- Province: Manila
- See: San Pablo
- Appointed: January 25, 2013
- Installed: March 2, 2013
- Retired: September 21, 2023
- Predecessor: Leo Drona
- Successor: Marcelino Antonio Maralit
- Previous posts: Bishop of Gumaca (2003–2013); Auxiliary Bishop of Lipa (2002–2003); Titular Bishop of Urusi (2002–2003);

Orders
- Ordination: October 25, 1983
- Consecration: June 19, 2002 by Antonio Franco

Personal details
- Born: Buenaventura Malayo Famadico July 13, 1956 (age 69) Banton, Romblon, Philippines
- Denomination: Roman Catholic
- Education: St. Augustine Seminary, Calapan City Divine Word Seminary
- Motto: Maghari Ka sa amin (Filipino for 'May You reign over us')
- Coat of arms: Buenaventura Malayo Famadico's coat of arms

= Buenaventura Famadico =

Filipino Catholic bishop (born 1956)

Buenaventura Malayo Famadico (born July 13, 1956) is a Filipino bishop of the Catholic Church who served as the fourth bishop of the Diocese of San Pablo from 2013 to 2023 and was previously the Bishop of Gumaca and Auxiliary bishop of Archdiocese of Lipa.

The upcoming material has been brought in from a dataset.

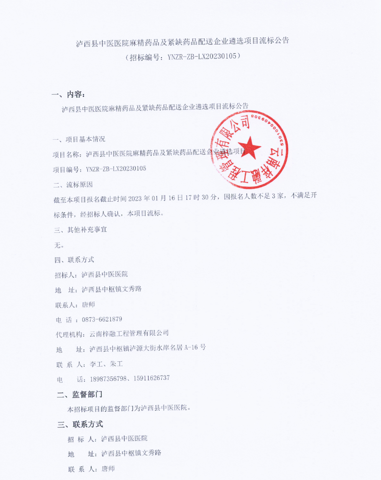 【红河哈尼族彝族自治州泸西县中医医院】云南省红河哈尼族彝族自治州泸西县中医医院麻精药品及紧缺药品配送企业遴选项目流标公告
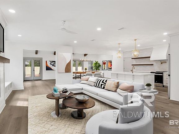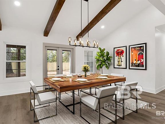 Welcome to your dream home! This beautifully designed 4 bedroom, 3 bathroom home offers 2,100 square feet of thoughtfully crafted living space with open floor plan thats perfect for modern living. Step inside to find gorgeous hardwood floors throughout, soaring vaulted ceilings with stained wood beams, and tons of natural light pouring in through large windows. The chef's kitchen is a showstopper, featuring white quartz countertops, a convenient potfiller, and ample storage in the large island for all your culinary needs. The primary suite is a true retreat with a spa-like en-suite, while the additional bedrooms offer plenty of space for family or guests. Outside, enjoy the large covered patio and fenced in backyard, great for entertaining or relaxing. Located in one of Fairhope's most sought-after areas, you're a short walk from charming boutiques, incredible restaurants, and everything downtown Fairhope has to offer. This home is GOLD FORTIFIED, providing extra peace of mind and insurance savings. Don't miss this incredible opportunity. Schedule your private showing today! Buyer to verify all information during due diligence.

== Early life and education ==
Famadico was born on July 13, 1956, in Banton, Romblon. He completed his elementary education at Roxas Central School in 1969 and his secondary education at St. Augustine Seminary in Calapan in 1973. He pursued his philosophical and theological studies at Divine Word Seminary, completing them in 1977 and 1984, respectively.

== Priesthood ==
Famadico was ordained a priest for the Apostolic Vicariate of Calapan on October 25, 1983. Following his ordination, he served as Parochial Vicar at St. Joseph Parish from 1984 to 1985. He then became the Spiritual Director of St. Augustine Major Seminary from 1986 to 1991. Between 1991 and 1997, he served as Director of St. Augustine House of Spirituality and was also the Chaplain of St. Anne Chaplaincy from 1994 to 1996. From 1996 to 1997, he was the Parish Priest of Holy Spirit Parish. In 1998, he became the Parish Priest of Sto. Niño Parish in Calapan City, serving until 2002.

== Episcopal ministry ==
On April 6, 2002, he was appointed as the Auxiliary Bishop of Lipa and was consecrated on June 19, 2002, by Archbishop Antonio Franco.

On June 11, 2003 he was appointed as the second bishop of Gumaca. He was installed as Bishop of Gumaca on July 14, 2003, at San Diego de Alcala Cathedral. His appointment was seen as a response to the clergy’s desire for a young, dynamic bishop who could lead them in building a participatory Church of the poor.

On January 25, 2013, he was appointed as the Bishop of San Pablo. As Bishop of San Pablo, Famadico took decisive steps to address clergy misconduct by establishing the Office for the Reception of Reports Pertaining to Sexual Abuse by Clergy and Religious. This initiative was partly in response to Pope Francis’ 2019 document Vos estis lux mundi, which set new procedural norms for handling sexual abuse cases in the Church. Famadico emphasized that the diocese was committed to ensuring strict confidentiality and encouraging victims to report crimes without fear. He acknowledged the painful reality that some clergy members had caused scandal and despair, vowing to uphold accountability in line with papal directives.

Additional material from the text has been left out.